JensErat avatar Jun 29 '20 12:06 JensErat

Hello 👋 Looks like there was no activity on this issue for last 30 days. Do you mind updating us on the status? Is this still reproducible or needed? If yes, just comment on this PR or push a commit. Thanks! 🤗 If there will be no activity for next week, this issue will be closed (we can always reopen an issue if we need!). Alternatively, use remind command if you wish to be reminded at some point in future.

stale[bot] avatar Jul 29 '20 12:07 stale[bot]

Still an issue with us, and automatically restarting/not halting compactor make compaction continue pretty much immediately without any issues.
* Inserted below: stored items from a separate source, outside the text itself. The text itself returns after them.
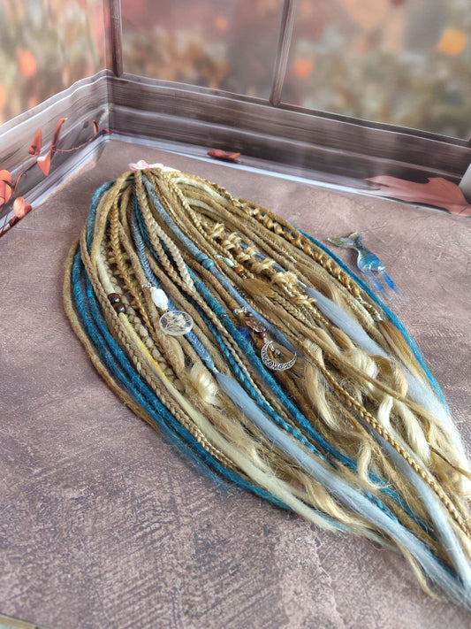 Boho Dreads with Blondes and Blues Accents - Unique Loose Ends
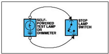 Use a self-powered test lamp or an ohmmeter to check for continuity.
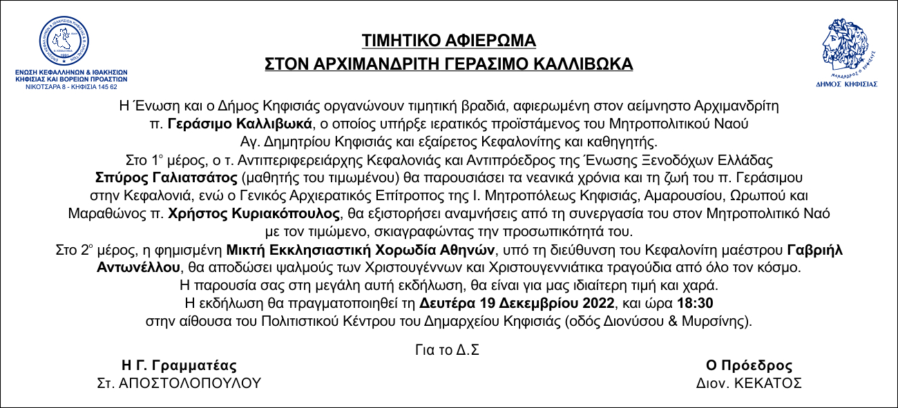 Την Κυριακή 11 Δεκεμβρίου πραγματοποιήθηκε στο Μέγαρο Παλλάς Αθηνά του Ιδρύματος Ιωάννη Σ. Λάτση στο Κεφαλάρι, η 14η συναυλία του συλλόγου «Φίλων της Ορχήστρας Ποικίλης Μουσικής», αφιερωμένη στη μνήμη της καθηγήτριας μουσικής και τα λυκειάρχη Κίρκης Αρνελλου, που χορηγεί τα τελευταία χρόνια ο γιος της Δημήτρης Παρασκευάς.
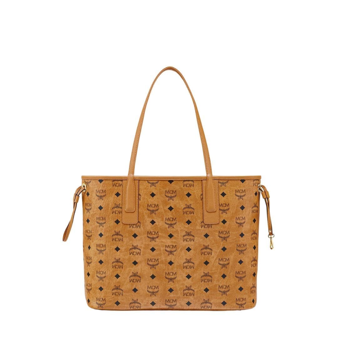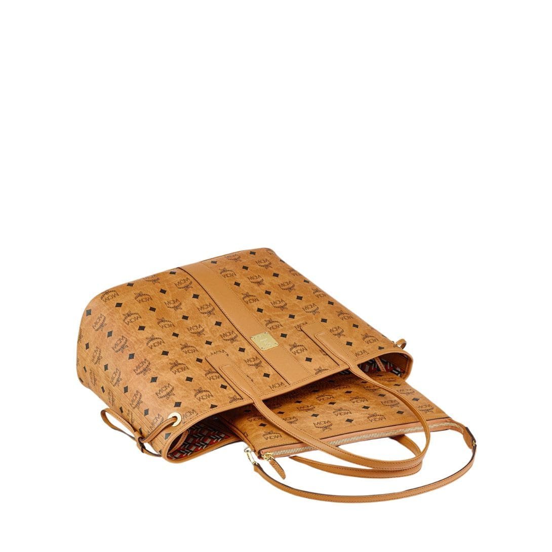 MCM MEDIUM REVERSIBLE LIZ SHOPPER IN VISETOS COGNAC
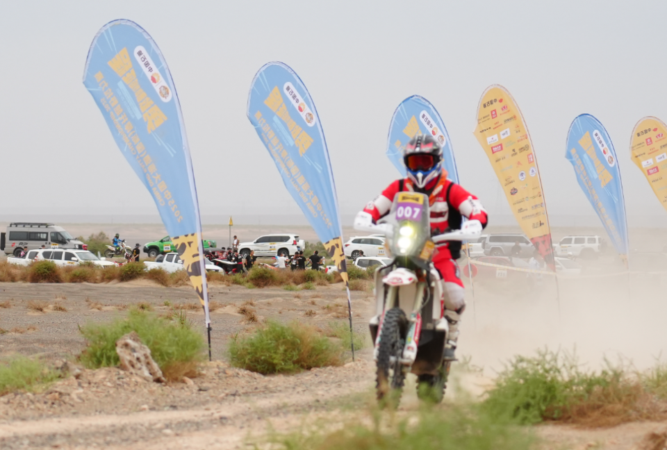 8月25日上午,2025中国大海道(国际)摩托越野拉力赛魔鬼城赛段(赛段编号SS2)激情开赛。近百名越野摩托车手驾驭爱车在此集结,先后从发车点绝尘而去,开启一场穿越158公里雅丹地貌与戈壁路面的极限挑战。
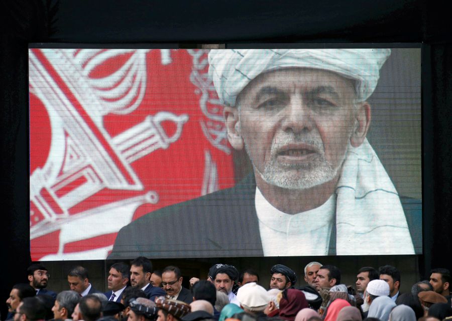 A screen shows the broadcast of Afghanistan's President Ashraf Ghani speaking during his inauguration as president, in Kabul, Afghanistan on March 9. (REUTERS Photo)
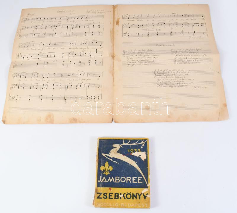 1933 Jamboree zsebkönyv, Gödöllő-Budapest, kiadja: IV. Világjamboree-Táborparancsnokság, ragasztott térképmelléklettel, 127p + Cserkészinduló kézzel írt kotta.
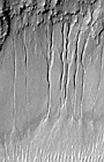 И, наконец, недавно были найдены совсем короткоживущие, не более нескольких десятков лет, структуры, похожие на следы просачивающейся из-под корки вечной мерзлоты жидкой воды. Характерно, что все такие «родники» обнаружены на северных склонах глубоких каньонов, где атмосферное давление хоть ненадолго, но позволяет сохранить воду от моментального холодного вскипания. Разумеется, такая смелая интерпретация, основанная лишь на изображениях, встречает довольно жесткую критику. В редакционной статье нашего журнала читатель может ознакомится с точкой зрения астрофизика-релятивиста. Будучи геофизиком-планетчиком и «марсианином», я не берусь интерпретировать эти катинки тем или иным образом. Наверное, сделать это грамотно может лишь тот, кто с геологическим молотком в руках прошел не одну сотню километров по марсианским дюнам. Будут это космонавты или автоматические марсоходы - в любом случае решать следующему поколению. Нам же остается уповать на самый надежный дистанционный метод - инфракрасную спектроскопию. Если ТЭС уверенно покажет молодые отложения минералов, характерных для открытых источников воды, скажем, растворимых солей, вблизи этих «ручейков» - значит, скорее всего, вода действительно есть. Читателя, всерьеез интересующегося возможным устройством современных грунтовых вод на Марсе, отсылаю к работе [6].

JensErat avatar Jul 29 '20 14:07 JensErat

Hello 👋 Looks like there was no activity on this issue for last 30 days. Do you mind updating us on the status? Is this still reproducible or needed? If yes, just comment on this PR or push a commit. Thanks! 🤗 If there will be no activity for next week, this issue will be closed (we can always reopen an issue if we need!). Alternatively, use remind command if you wish to be reminded at some point in future.

stale[bot] avatar Aug 28 '20 17:08 stale[bot]

We are seeing the same issue. We have 200+ compactors and this is happening in all of them. Restarting pod fixes the issue temporarily.

crsandeep avatar Sep 03 '20 06:09 crsandeep

We are seeing the same issue. We have 200+ compactors and this is happening in all of them. Restarting pod fixes the issue temporarily.

Are you using S3 as well? What underneath is implementing this API i.e. are you using AWS or something else?

GiedriusS avatar Sep 03 '20 07:09 GiedriusS

@GiedriusS We are using Ceph object store which is S3 compatible.

crsandeep avatar Sep 03 '20 16:09 crsandeep

Hello 👋 Looks like there was no activity on this issue for the last two months. Do you mind updating us on the status? Is this still reproducible or needed? If yes, just comment on this PR or push a commit. Thanks! 🤗 If there will be no activity in the next two weeks, this issue will be closed (we can always reopen an issue if we need!). Alternatively, use remind command if you wish to be reminded at some point in future.

stale[bot] avatar Nov 03 '20 03:11 stale[bot]

Closing for now as promised, let us know if you need this to be reopened! 🤗

stale[bot] avatar Nov 17 '20 04:11 stale[bot]

We are experience the same issue with Thanos v 0.17.2 and the Ceph Object Gateway. @JensErat were you able to solve your issue?

goober avatar Jan 29 '21 08:01 goober

My best theory, for now, is that the transfer gets cut off abruptly, and minio-go eats that error up as io.EOF

From a quick look at Minio internals (very quick), I suspect this the case as well.

pracucci avatar Feb 12 '21 11:02 pracucci

Should be fixed with https://github.com/thanos-io/thanos/pull/3795.

GiedriusS avatar Feb 24 '21 22:02 GiedriusS

Still caught the same error during compaction time. Wondering is there a way for me to overcome this issue or delete the bad series only using the bucket rewrite tool. From the error log, what I can do is very limited.

level=error ts=2022-06-16T06:34:26.254782121Z caller=compact.go:486 msg="critical error detected; halting" err="compaction: group 0@17721352815461611655: compact blocks [/var/thanos/compact/compact/0@17721352815461611655/01G5HSCFX18SE036E3C80SWTMG /var/thanos/compact/compact/0@17721352815461611655/01G5J0875CJCBXEBQKN9608VPJ /var/thanos/compact/compact/0@17721352815461611655/01G5J73YD0EYV92KHTEEWFSVV3 /var/thanos/compact/compact/0@17721352815461611655/01G5JDZNP5A9GS6CQ695XGQ9M0]: populate block: chunk iter: cannot populate chunk 8858369979: segment doesn't include enough bytes to read the chunk - required:268435469, available:268435456"

yeya24 avatar Jun 22 '22 01:06 yeya24

Hello 👋 Looks like there was no activity on this issue for the last two months. Do you mind updating us on the status? Is this still reproducible or needed? If yes, just comment on this PR or push a commit. Thanks! 🤗 If there will be no activity in the next two weeks, this issue will be closed (we can always reopen an issue if we need!). Alternatively, use remind command if you wish to be reminded at some point in future.

stale[bot] avatar Sep 21 '22 02:09 stale[bot]

Hi, I also have the same issue with NetApp StorageGrid object storage running thanos 0.30.1. Is there any way to check of fix blocks with tools bucket rewrite tool?

nitnatsnocER avatar Jan 11 '23 17:01 nitnatsnocER